▸ **DATA SHOWN**
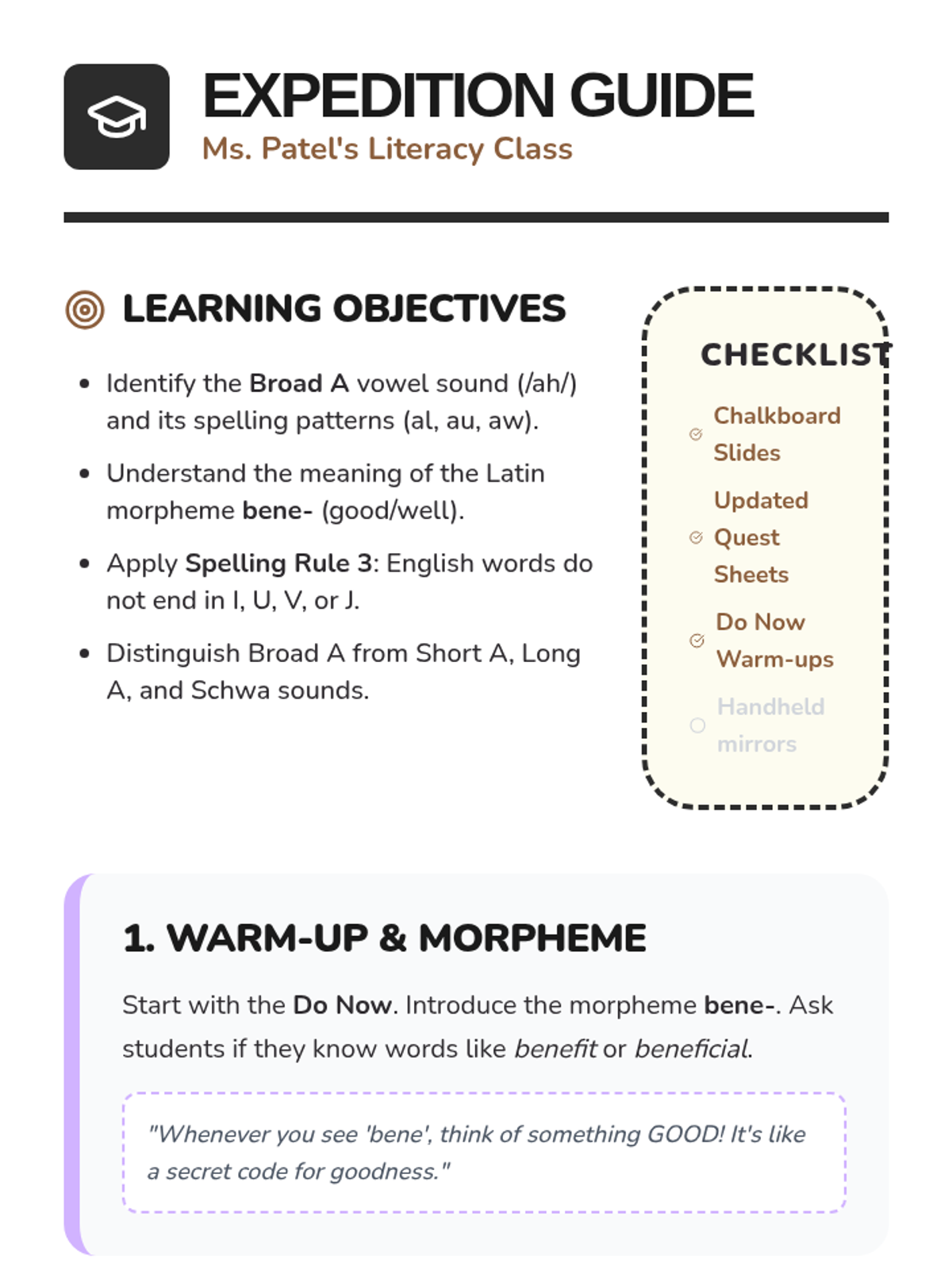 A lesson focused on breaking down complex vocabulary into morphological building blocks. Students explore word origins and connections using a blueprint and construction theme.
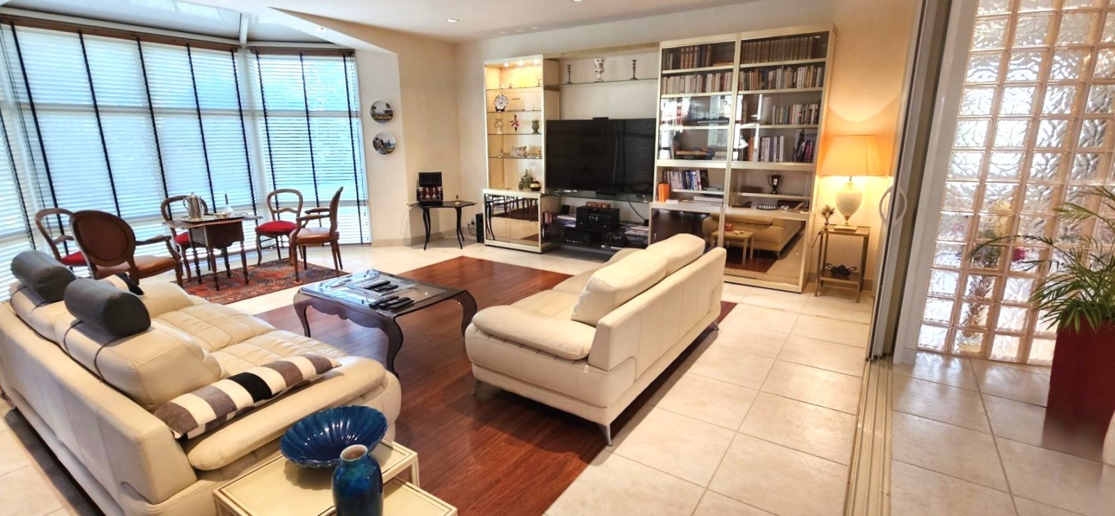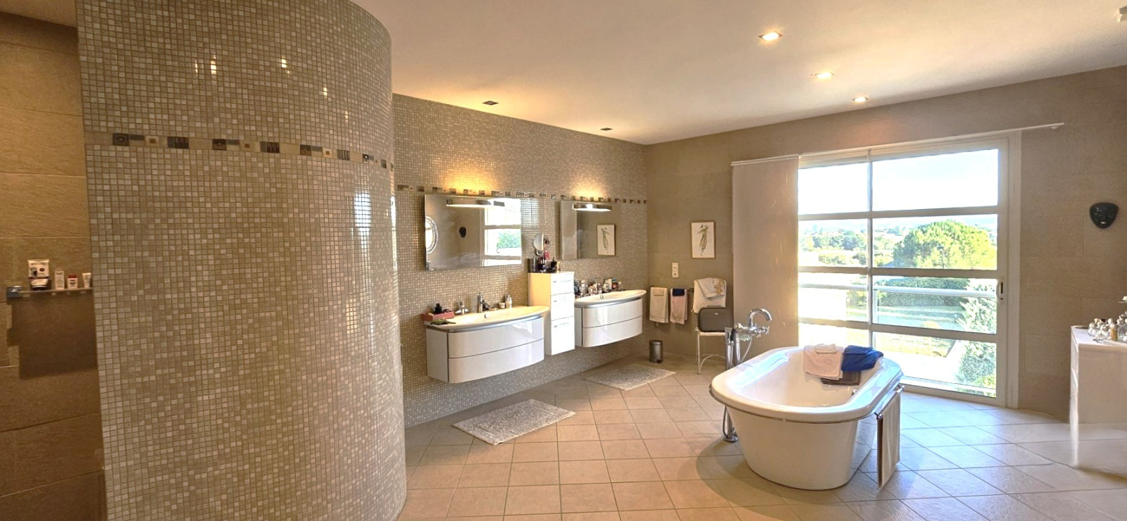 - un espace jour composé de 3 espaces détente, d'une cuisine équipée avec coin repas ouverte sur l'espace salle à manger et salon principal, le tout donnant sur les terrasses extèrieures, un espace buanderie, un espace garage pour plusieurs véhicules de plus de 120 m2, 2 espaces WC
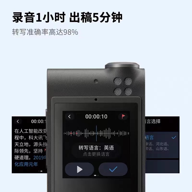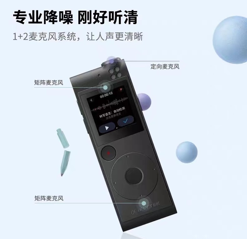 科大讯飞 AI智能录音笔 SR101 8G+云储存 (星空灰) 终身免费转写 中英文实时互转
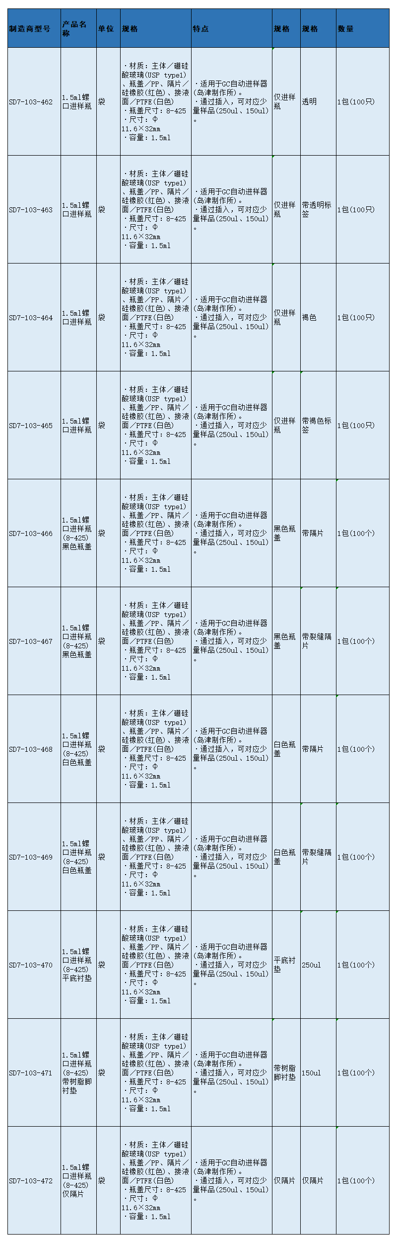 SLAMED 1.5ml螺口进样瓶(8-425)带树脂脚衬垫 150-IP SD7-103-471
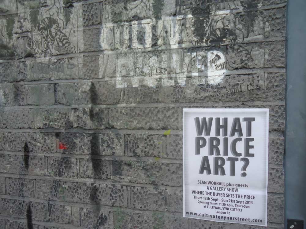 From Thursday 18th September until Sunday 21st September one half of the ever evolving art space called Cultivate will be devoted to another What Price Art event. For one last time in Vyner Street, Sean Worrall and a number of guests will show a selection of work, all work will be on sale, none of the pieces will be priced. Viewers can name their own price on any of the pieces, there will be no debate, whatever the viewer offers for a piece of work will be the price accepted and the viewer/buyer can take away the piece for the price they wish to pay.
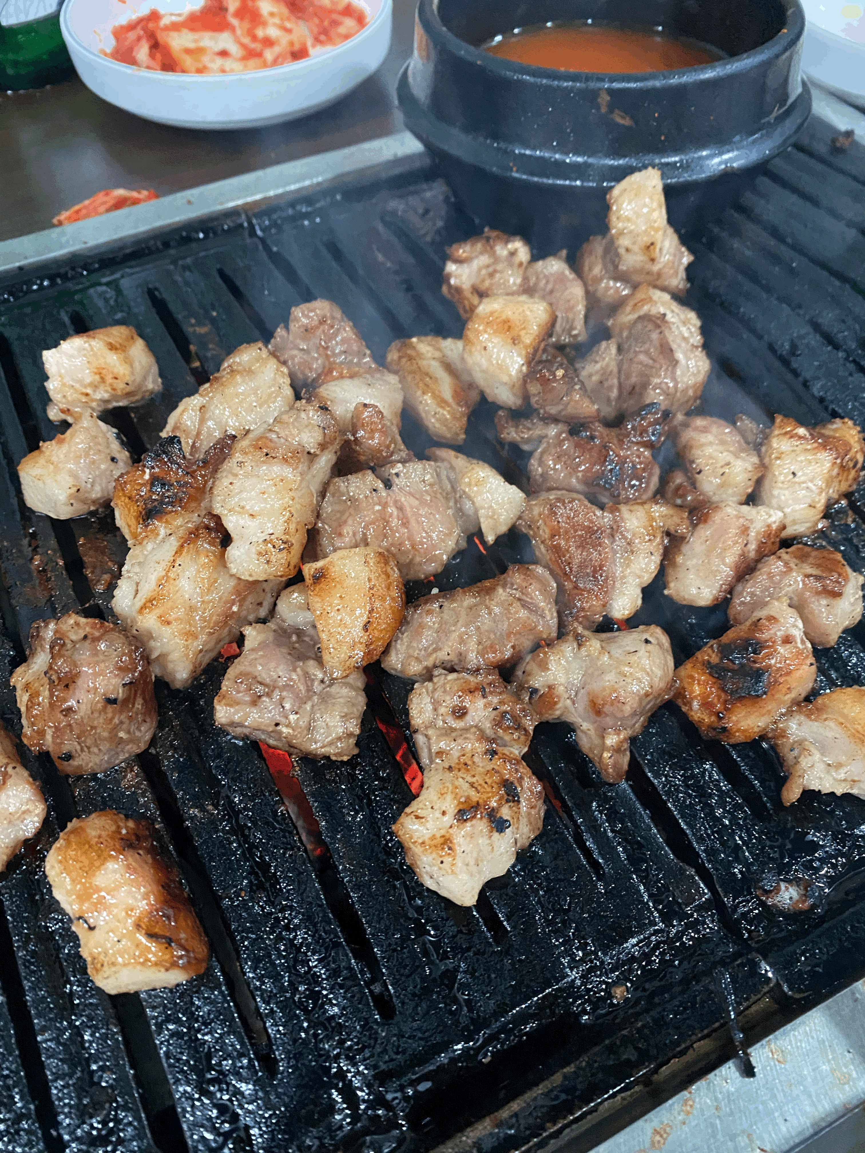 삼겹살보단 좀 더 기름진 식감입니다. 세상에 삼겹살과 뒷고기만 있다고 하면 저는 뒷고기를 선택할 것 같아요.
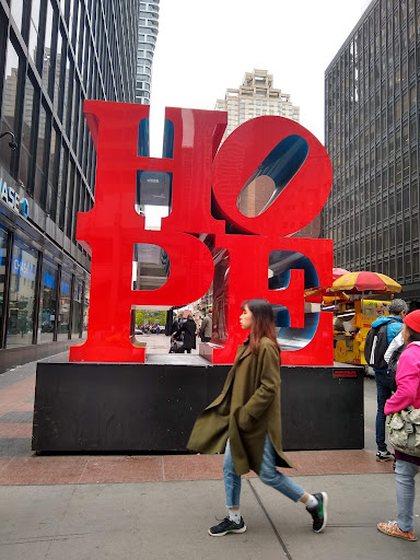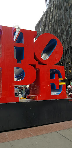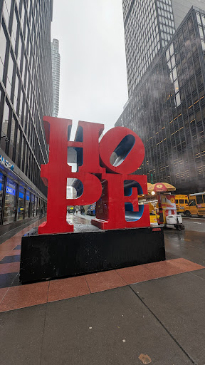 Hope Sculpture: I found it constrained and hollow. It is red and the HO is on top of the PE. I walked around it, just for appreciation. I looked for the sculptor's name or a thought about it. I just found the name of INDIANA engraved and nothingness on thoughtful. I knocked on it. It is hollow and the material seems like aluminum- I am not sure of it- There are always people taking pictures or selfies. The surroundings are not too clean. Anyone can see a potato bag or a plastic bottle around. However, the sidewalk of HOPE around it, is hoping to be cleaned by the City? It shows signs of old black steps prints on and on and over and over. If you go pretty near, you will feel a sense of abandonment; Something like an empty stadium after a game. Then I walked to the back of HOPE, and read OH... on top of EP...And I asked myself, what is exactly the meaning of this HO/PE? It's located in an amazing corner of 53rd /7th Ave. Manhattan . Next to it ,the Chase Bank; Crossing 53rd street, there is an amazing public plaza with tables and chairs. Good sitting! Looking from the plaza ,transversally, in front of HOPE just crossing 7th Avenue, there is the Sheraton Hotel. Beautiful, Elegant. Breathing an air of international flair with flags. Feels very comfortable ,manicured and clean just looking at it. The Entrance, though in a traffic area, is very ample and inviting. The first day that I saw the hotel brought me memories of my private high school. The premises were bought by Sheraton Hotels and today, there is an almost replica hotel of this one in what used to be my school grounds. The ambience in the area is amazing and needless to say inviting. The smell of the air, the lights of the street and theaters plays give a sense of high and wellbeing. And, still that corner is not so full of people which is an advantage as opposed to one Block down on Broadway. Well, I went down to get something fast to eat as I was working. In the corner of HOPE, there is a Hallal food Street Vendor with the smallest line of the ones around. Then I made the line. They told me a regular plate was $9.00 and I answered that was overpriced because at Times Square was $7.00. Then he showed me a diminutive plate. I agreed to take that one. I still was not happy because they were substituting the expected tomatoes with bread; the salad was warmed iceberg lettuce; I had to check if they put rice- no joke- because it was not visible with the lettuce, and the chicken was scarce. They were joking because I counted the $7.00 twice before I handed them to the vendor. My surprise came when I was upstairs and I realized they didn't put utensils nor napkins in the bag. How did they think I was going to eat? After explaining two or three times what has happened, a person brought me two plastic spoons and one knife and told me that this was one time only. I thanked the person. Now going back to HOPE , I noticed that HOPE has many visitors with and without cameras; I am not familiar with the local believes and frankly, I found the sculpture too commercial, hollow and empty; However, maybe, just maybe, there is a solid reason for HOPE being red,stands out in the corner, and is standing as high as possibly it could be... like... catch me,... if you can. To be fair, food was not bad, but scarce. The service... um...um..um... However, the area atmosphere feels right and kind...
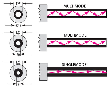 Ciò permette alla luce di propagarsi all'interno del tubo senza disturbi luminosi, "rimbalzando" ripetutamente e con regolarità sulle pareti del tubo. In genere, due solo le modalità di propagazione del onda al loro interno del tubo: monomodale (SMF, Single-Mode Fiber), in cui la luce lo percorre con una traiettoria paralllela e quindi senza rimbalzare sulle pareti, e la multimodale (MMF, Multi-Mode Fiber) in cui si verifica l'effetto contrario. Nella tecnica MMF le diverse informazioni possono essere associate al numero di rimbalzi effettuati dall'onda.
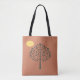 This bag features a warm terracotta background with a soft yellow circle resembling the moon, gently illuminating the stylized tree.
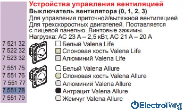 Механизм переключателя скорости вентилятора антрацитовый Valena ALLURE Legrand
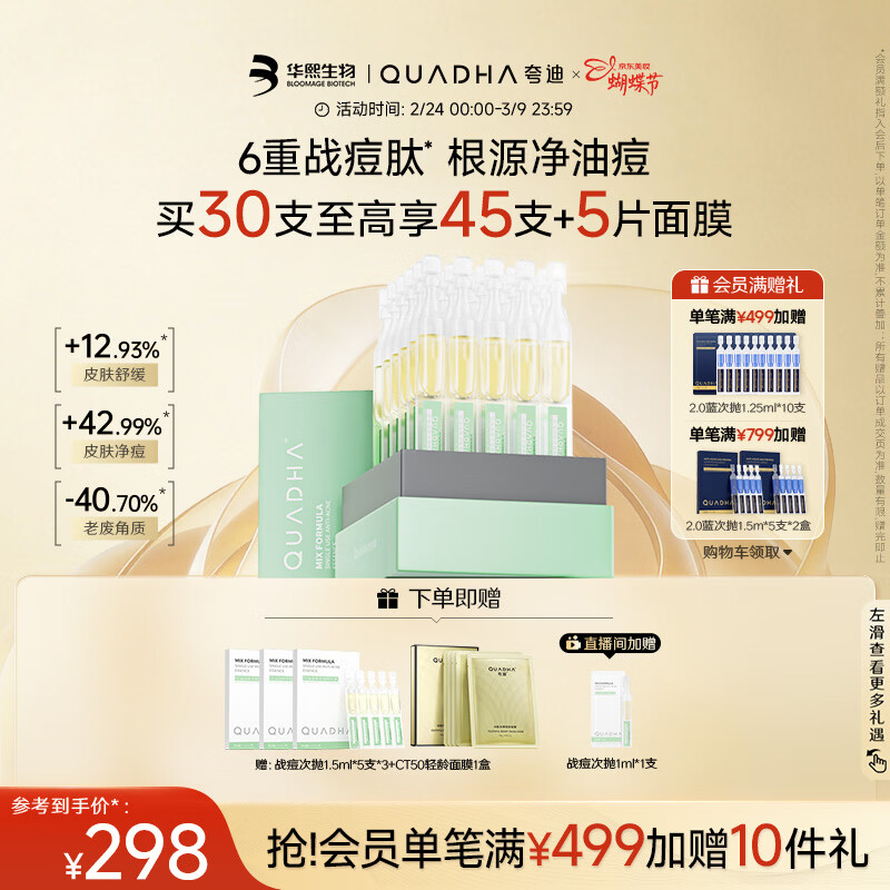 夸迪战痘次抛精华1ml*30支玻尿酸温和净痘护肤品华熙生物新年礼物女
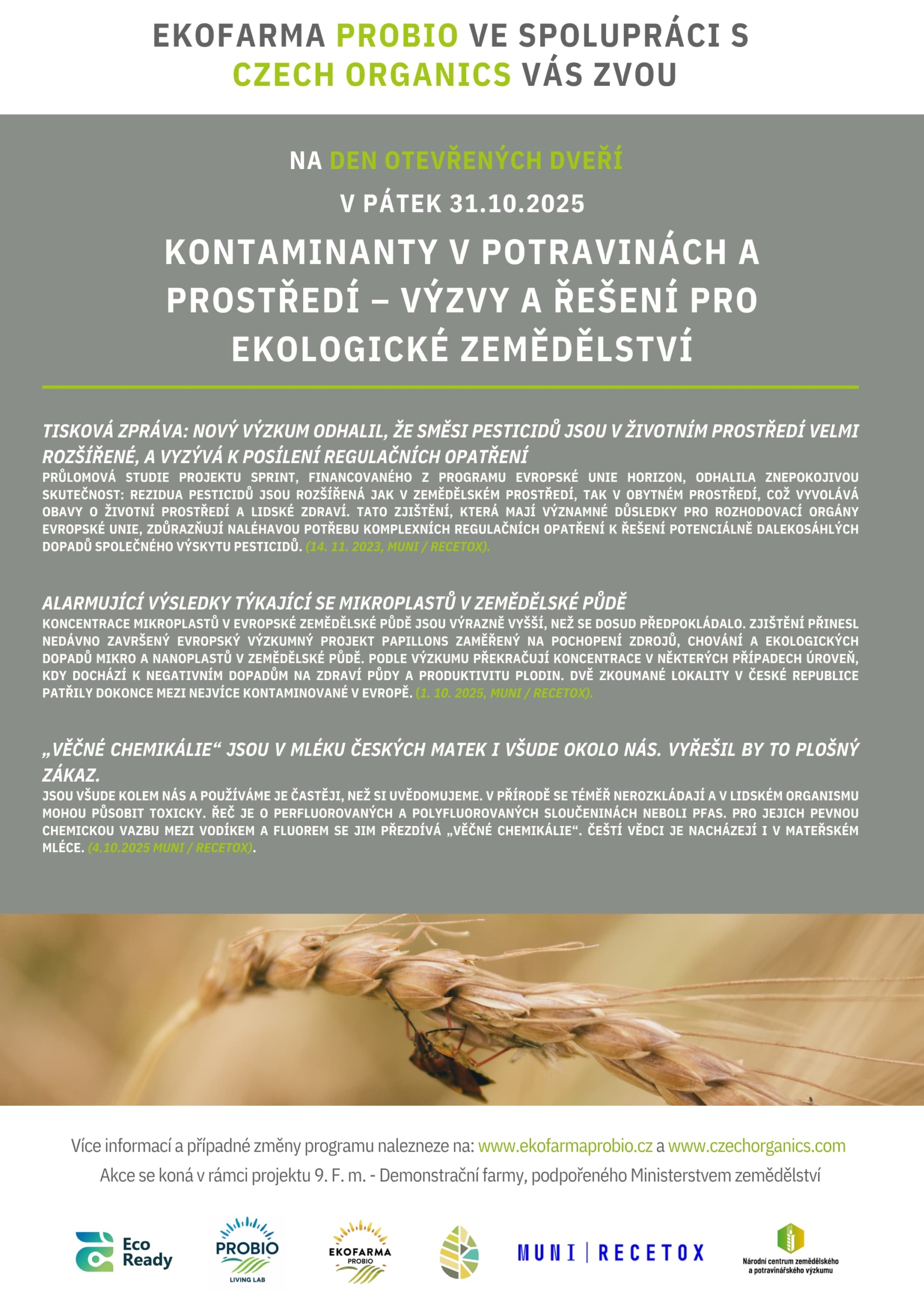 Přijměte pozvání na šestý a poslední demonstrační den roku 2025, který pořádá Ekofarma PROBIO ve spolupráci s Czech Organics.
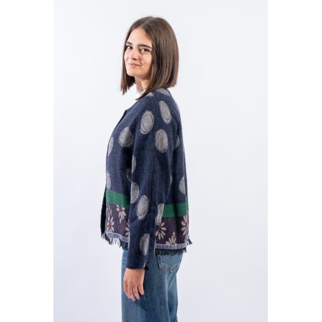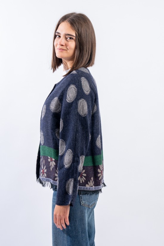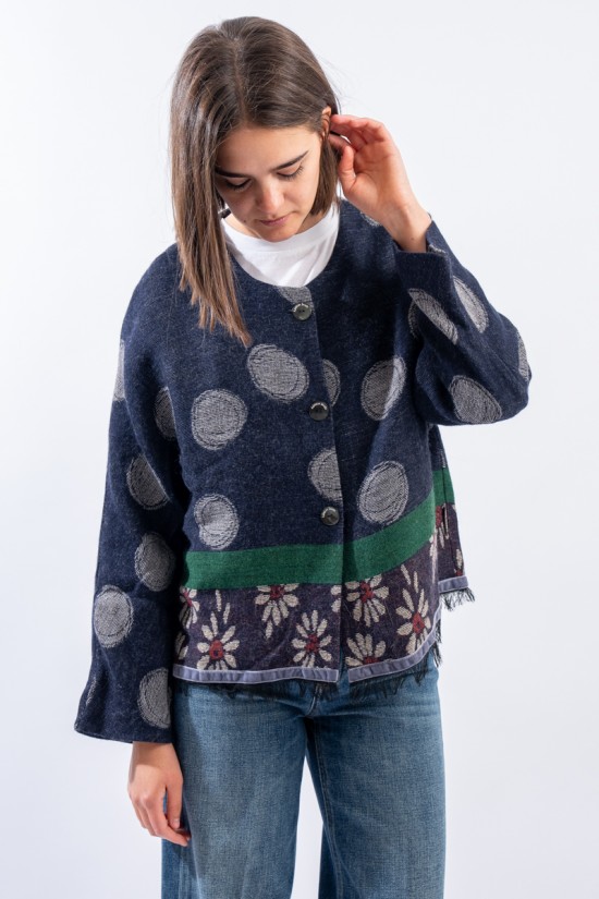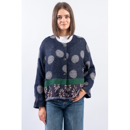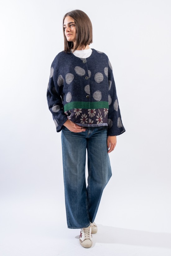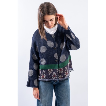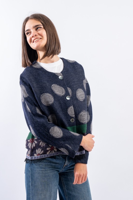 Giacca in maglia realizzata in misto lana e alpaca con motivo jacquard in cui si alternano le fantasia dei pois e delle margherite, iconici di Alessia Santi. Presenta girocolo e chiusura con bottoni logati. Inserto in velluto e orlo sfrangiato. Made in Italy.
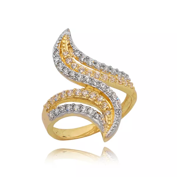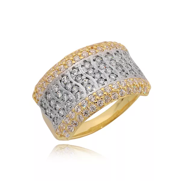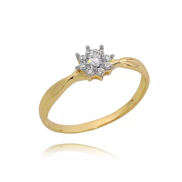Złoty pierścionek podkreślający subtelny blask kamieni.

▸ **PROMPT**
Please repeat every record above exactly, but leave out the pictures.

▸ **ANSWER SECTION**
 A lesson focused on breaking down complex vocabulary into morphological building blocks. Students explore word origins and connections using a blueprint and construction theme.
 - un espace jour composé de 3 espaces détente, d'une cuisine équipée avec coin repas ouverte sur l'espace salle à manger et salon principal, le tout donnant sur les terrasses extèrieures, un espace buanderie, un espace garage pour plusieurs véhicules de plus de 120 m2, 2 espaces WC
 科大讯飞 AI智能录音笔 SR101 8G+云储存 (星空灰) 终身免费转写 中英文实时互转
 SLAMED 1.5ml螺口进样瓶(8-425)带树脂脚衬垫 150-IP SD7-103-471
 From Thursday 18th September until Sunday 21st September one half of the ever evolving art space called Cultivate will be devoted to another What Price Art event. For one last time in Vyner Street, Sean Worrall and a number of guests will show a selection of work, all work will be on sale, none of the pieces will be priced. Viewers can name their own price on any of the pieces, there will be no debate, whatever the viewer offers for a piece of work will be the price accepted and the viewer/buyer can take away the piece for the price they wish to pay.
 삼겹살보단 좀 더 기름진 식감입니다. 세상에 삼겹살과 뒷고기만 있다고 하면 저는 뒷고기를 선택할 것 같아요.
 Hope Sculpture: I found it constrained and hollow. It is red and the HO is on top of the PE. I walked around it, just for appreciation. I looked for the sculptor's name or a thought about it. I just found the name of INDIANA engraved and nothingness on thoughtful. I knocked on it. It is hollow and the material seems like aluminum- I am not sure of it- There are always people taking pictures or selfies. The surroundings are not too clean. Anyone can see a potato bag or a plastic bottle around. However, the sidewalk of HOPE around it, is hoping to be cleaned by the City? It shows signs of old black steps prints on and on and over and over. If you go pretty near, you will feel a sense of abandonment; Something like an empty stadium after a game. Then I walked to the back of HOPE, and read OH... on top of EP...And I asked myself, what is exactly the meaning of this HO/PE? It's located in an amazing corner of 53rd /7th Ave. Manhattan . Next to it ,the Chase Bank; Crossing 53rd street, there is an amazing public plaza with tables and chairs. Good sitting! Looking from the plaza ,transversally, in front of HOPE just crossing 7th Avenue, there is the Sheraton Hotel. Beautiful, Elegant. Breathing an air of international flair with flags. Feels very comfortable ,manicured and clean just looking at it. The Entrance, though in a traffic area, is very ample and inviting. The first day that I saw the hotel brought me memories of my private high school. The premises were bought by Sheraton Hotels and today, there is an almost replica hotel of this one in what used to be my school grounds. The ambience in the area is amazing and needless to say inviting. The smell of the air, the lights of the street and theaters plays give a sense of high and wellbeing. And, still that corner is not so full of people which is an advantage as opposed to one Block down on Broadway. Well, I went down to get something fast to eat as I was working. In the corner of HOPE, there is a Hallal food Street Vendor with the smallest line of the ones around. Then I made the line. They told me a regular plate was $9.00 and I answered that was overpriced because at Times Square was $7.00. Then he showed me a diminutive plate. I agreed to take that one. I still was not happy because they were substituting the expected tomatoes with bread; the salad was warmed iceberg lettuce; I had to check if they put rice- no joke- because it was not visible with the lettuce, and the chicken was scarce. They were joking because I counted the $7.00 twice before I handed them to the vendor. My surprise came when I was upstairs and I realized they didn't put utensils nor napkins in the bag. How did they think I was going to eat? After explaining two or three times what has happened, a person brought me two plastic spoons and one knife and told me that this was one time only. I thanked the person. Now going back to HOPE , I noticed that HOPE has many visitors with and without cameras; I am not familiar with the local believes and frankly, I found the sculpture too commercial, hollow and empty; However, maybe, just maybe, there is a solid reason for HOPE being red,stands out in the corner, and is standing as high as possibly it could be... like... catch me,... if you can. To be fair, food was not bad, but scarce. The service... um...um..um... However, the area atmosphere feels right and kind...
 Ciò permette alla luce di propagarsi all'interno del tubo senza disturbi luminosi, "rimbalzando" ripetutamente e con regolarità sulle pareti del tubo. In genere, due solo le modalità di propagazione del onda al loro interno del tubo: monomodale (SMF, Single-Mode Fiber), in cui la luce lo percorre con una traiettoria paralllela e quindi senza rimbalzare sulle pareti, e la multimodale (MMF, Multi-Mode Fiber) in cui si verifica l'effetto contrario. Nella tecnica MMF le diverse informazioni possono essere associate al numero di rimbalzi effettuati dall'onda.
 This bag features a warm terracotta background with a soft yellow circle resembling the moon, gently illuminating the stylized tree.
 Механизм переключателя скорости вентилятора антрацитовый Valena ALLURE Legrand
 夸迪战痘次抛精华1ml*30支玻尿酸温和净痘护肤品华熙生物新年礼物女
 Přijměte pozvání na šestý a poslední demonstrační den roku 2025, který pořádá Ekofarma PROBIO ve spolupráci s Czech Organics.
 Giacca in maglia realizzata in misto lana e alpaca con motivo jacquard in cui si alternano le fantasia dei pois e delle margherite, iconici di Alessia Santi. Presenta girocolo e chiusura con bottoni logati. Inserto in velluto e orlo sfrangiato. Made in Italy.
Złoty pierścionek podkreślający subtelny blask kamieni.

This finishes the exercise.